Work required – With the images left out, print all of the records below exactly.

Records from a data collection:
+++

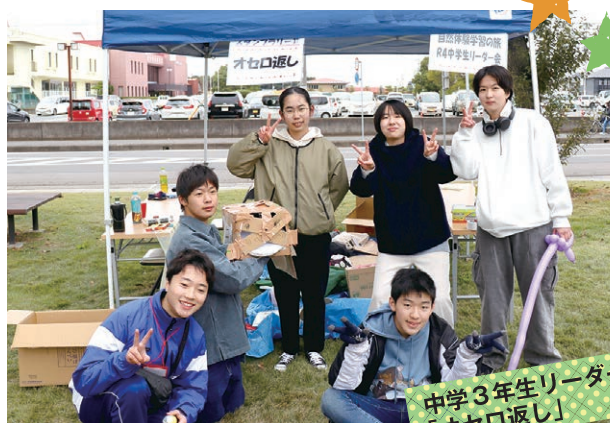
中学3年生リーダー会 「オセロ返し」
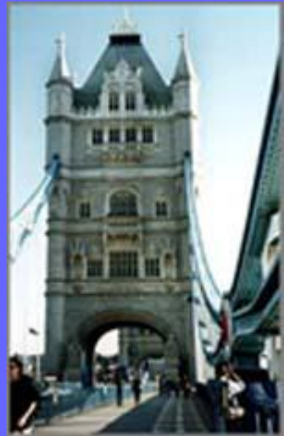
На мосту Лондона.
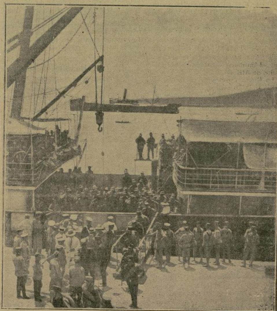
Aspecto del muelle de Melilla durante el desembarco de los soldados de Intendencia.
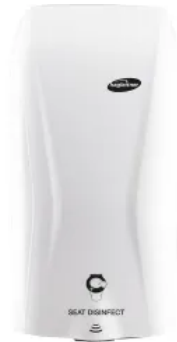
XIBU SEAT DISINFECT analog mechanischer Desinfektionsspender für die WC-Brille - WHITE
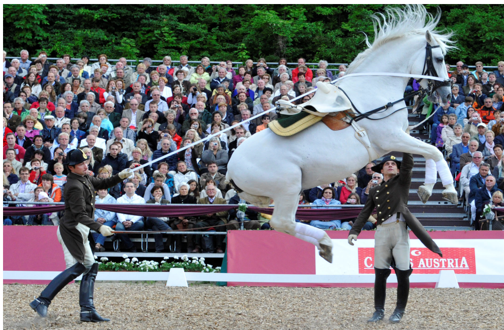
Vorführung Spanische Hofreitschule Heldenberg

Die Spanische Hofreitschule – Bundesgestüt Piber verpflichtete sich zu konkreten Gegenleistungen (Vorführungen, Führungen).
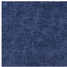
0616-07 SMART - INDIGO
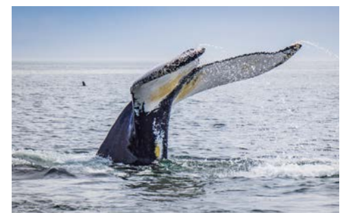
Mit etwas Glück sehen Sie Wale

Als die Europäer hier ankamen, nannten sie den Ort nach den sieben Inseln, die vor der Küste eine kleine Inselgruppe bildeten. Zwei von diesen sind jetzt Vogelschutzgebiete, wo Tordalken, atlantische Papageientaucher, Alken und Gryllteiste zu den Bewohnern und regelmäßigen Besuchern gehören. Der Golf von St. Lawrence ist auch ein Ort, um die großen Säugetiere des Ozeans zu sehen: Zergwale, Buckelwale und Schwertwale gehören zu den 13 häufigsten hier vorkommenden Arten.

+++

Solution below –
中学3年生リーダー会 「オセロ返し」
На мосту Лондона.
Aspecto del muelle de Melilla durante el desembarco de los soldados de Intendencia.
XIBU SEAT DISINFECT analog mechanischer Desinfektionsspender für die WC-Brille - WHITE
Vorführung Spanische Hofreitschule Heldenberg

Die Spanische Hofreitschule – Bundesgestüt Piber verpflichtete sich zu konkreten Gegenleistungen (Vorführungen, Führungen).
0616-07 SMART - INDIGO
Mit etwas Glück sehen Sie Wale

Als die Europäer hier ankamen, nannten sie den Ort nach den sieben Inseln, die vor der Küste eine kleine Inselgruppe bildeten. Zwei von diesen sind jetzt Vogelschutzgebiete, wo Tordalken, atlantische Papageientaucher, Alken und Gryllteiste zu den Bewohnern und regelmäßigen Besuchern gehören. Der Golf von St. Lawrence ist auch ein Ort, um die großen Säugetiere des Ozeans zu sehen: Zergwale, Buckelwale und Schwertwale gehören zu den 13 häufigsten hier vorkommenden Arten.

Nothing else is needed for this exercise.